[Stored records]
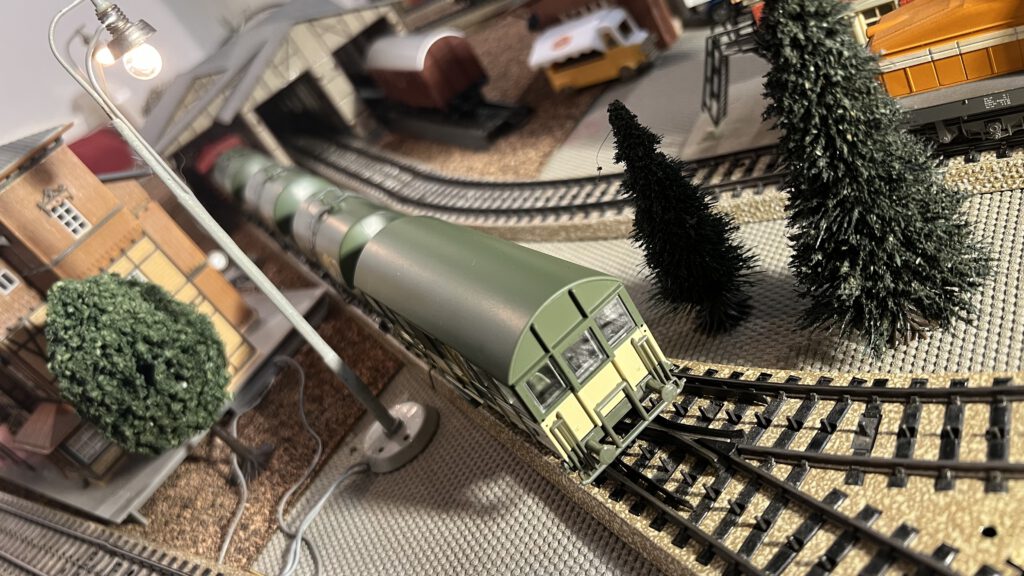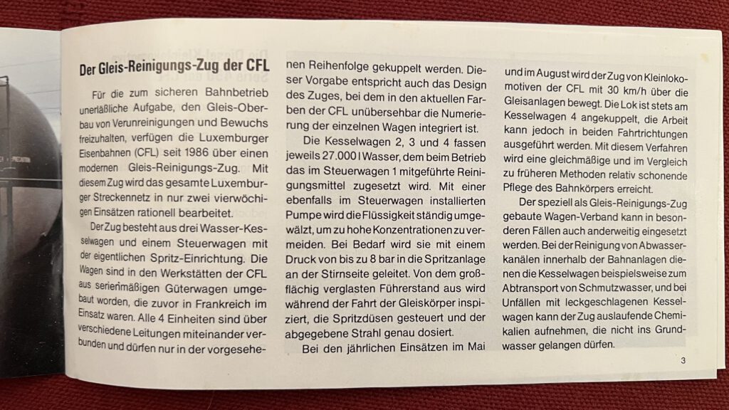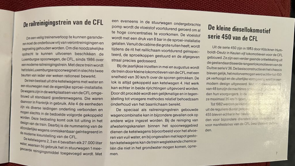 Deze mooie set rijdt vandaag een rondje over onze testbaan. Het origineel is/was te vinden in Luxemburg. Daar werd deze trein ingezet om de spoorlijnen te reinigen.
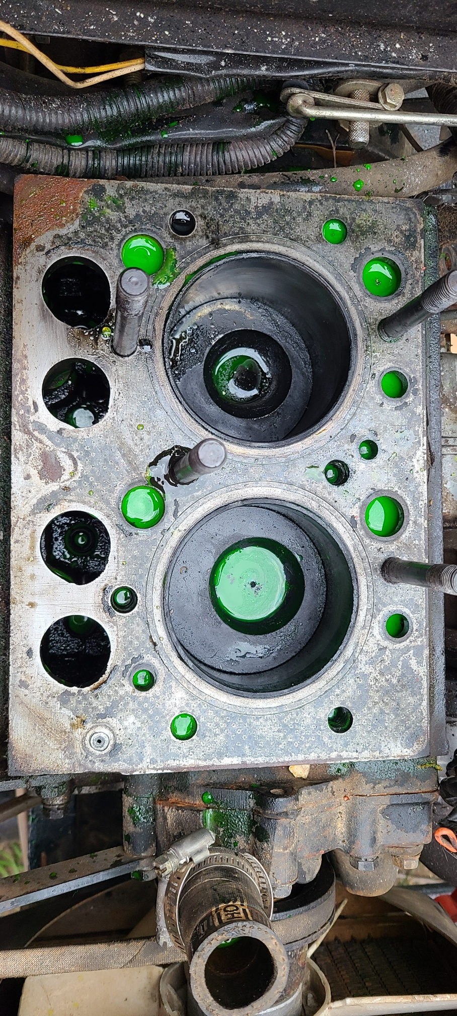 There is zero oil mixed in the oil. No milkyness at all. There is zero oil in the coolant. There was antifreeze droplets all on the rocker assembly but no milkyness. The radiator coolant was below the core suggesting it in fact leaked in the case.
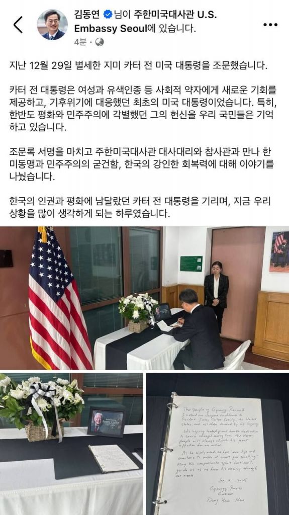 이어 "한국의 인권과 평화에 남달랐던 카터 전 대통령을 기리며, 지금 우리 상황을 많이 생각하게 되는 하루였다"고 덧붙였다.
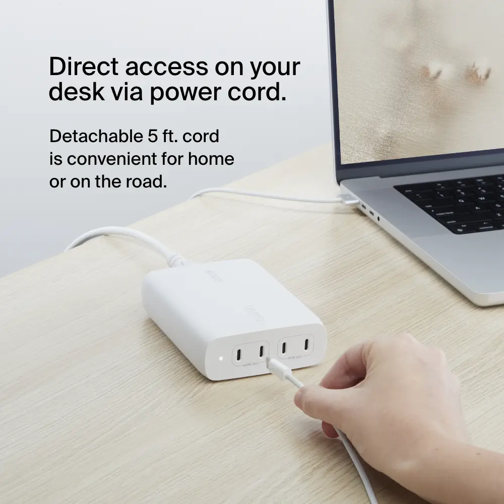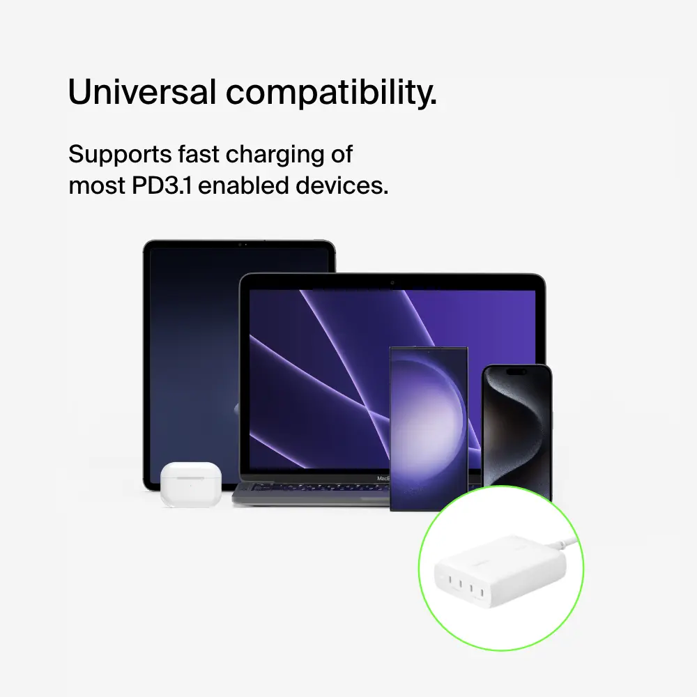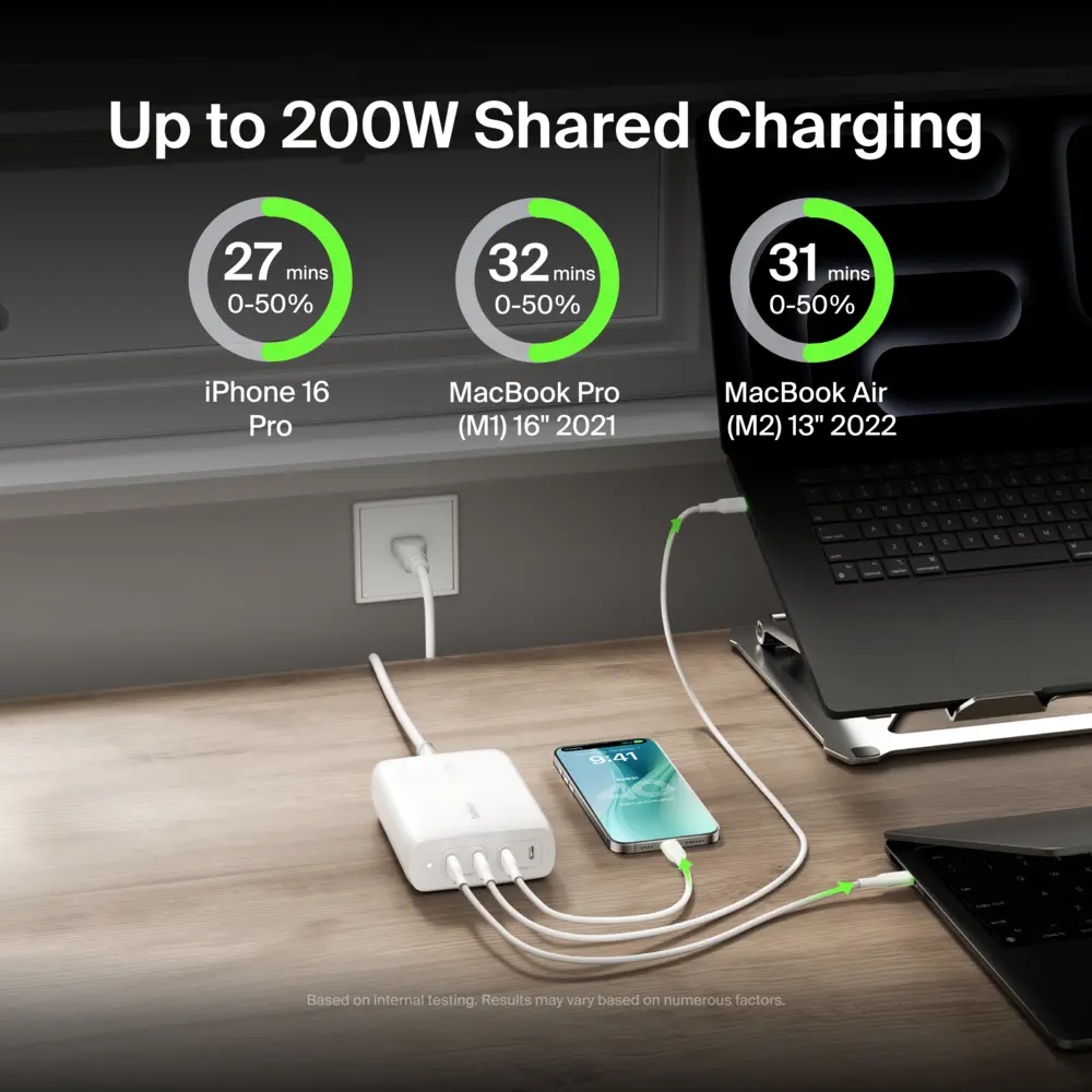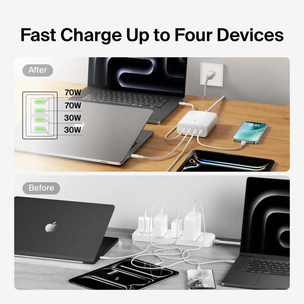 Power up your devices quickly and efficiently with our 200W 4-Port Desktop GaN Charger. Charge up to four devices simultaneously, including your iPhone 15 Pro and MacBook Pro 16"", with intelligent power sharing for optimal charging.
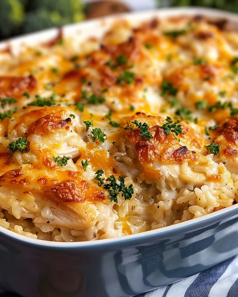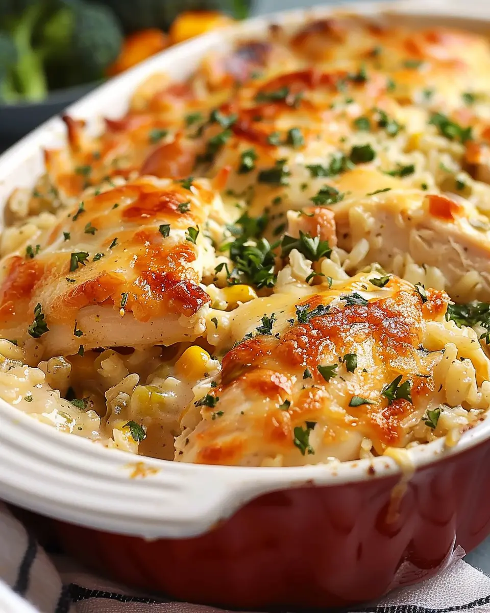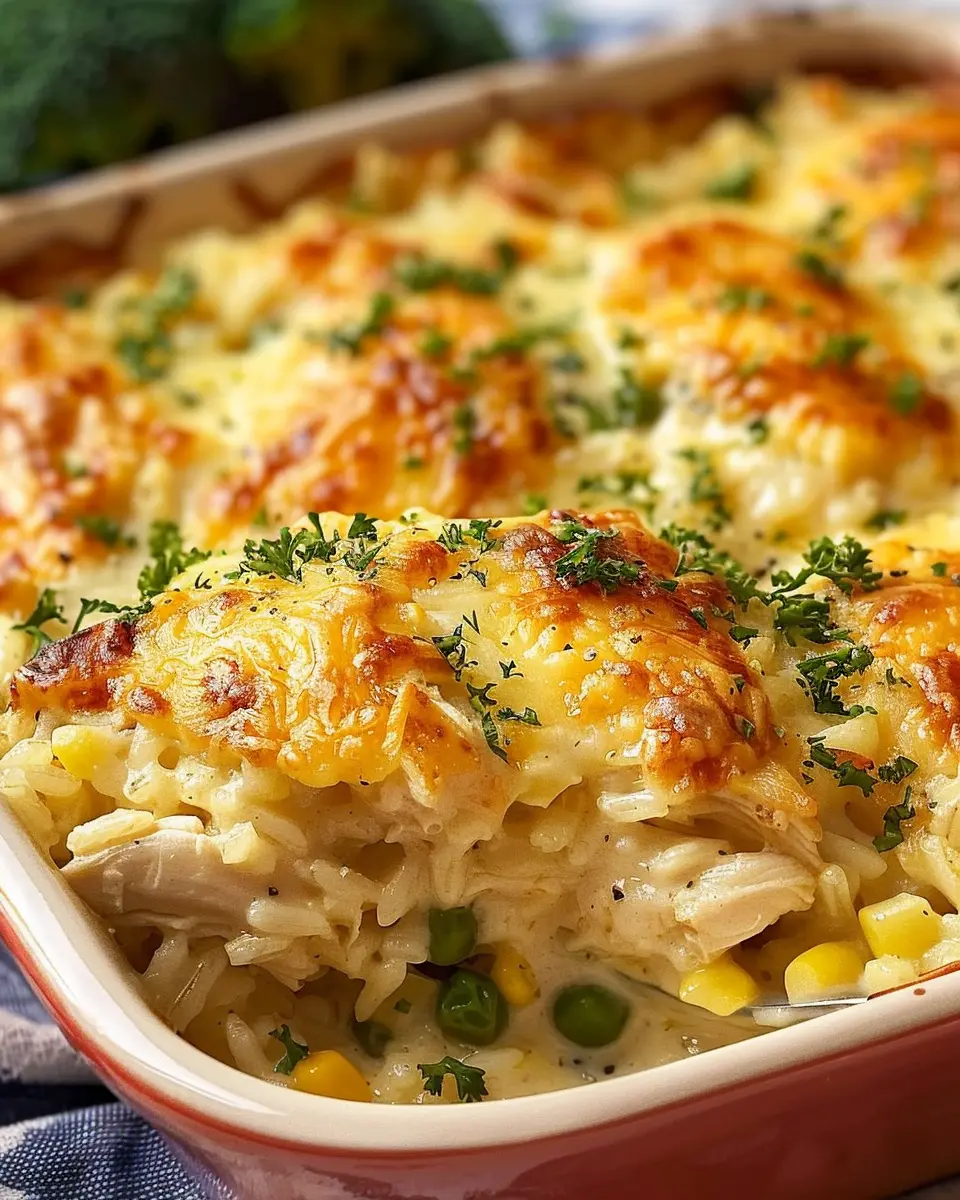 Lastly, there’s something undeniably comforting about baking a casserole. It fills your home with enticing aromas and brings everyone together. Whether it’s a quick dinner for one or a gathering with friends, this dish has the power to evoke warmth and nostalgia. So, grab your favorite baking dish, and let’s dive into the recipe for this creamy chicken and rice casserole that will quickly become a staple in your weeknight rotation!

Goal of the exercise:
From the first line of the records through the line containing "인권과 평화에 남달랐던", please output exactly those lines and nothing more, leaving out the pictures.

Answer area:
 Deze mooie set rijdt vandaag een rondje over onze testbaan. Het origineel is/was te vinden in Luxemburg. Daar werd deze trein ingezet om de spoorlijnen te reinigen.
 There is zero oil mixed in the oil. No milkyness at all. There is zero oil in the coolant. There was antifreeze droplets all on the rocker assembly but no milkyness. The radiator coolant was below the core suggesting it in fact leaked in the case.
 이어 "한국의 인권과 평화에 남달랐던 카터 전 대통령을 기리며, 지금 우리 상황을 많이 생각하게 되는 하루였다"고 덧붙였다.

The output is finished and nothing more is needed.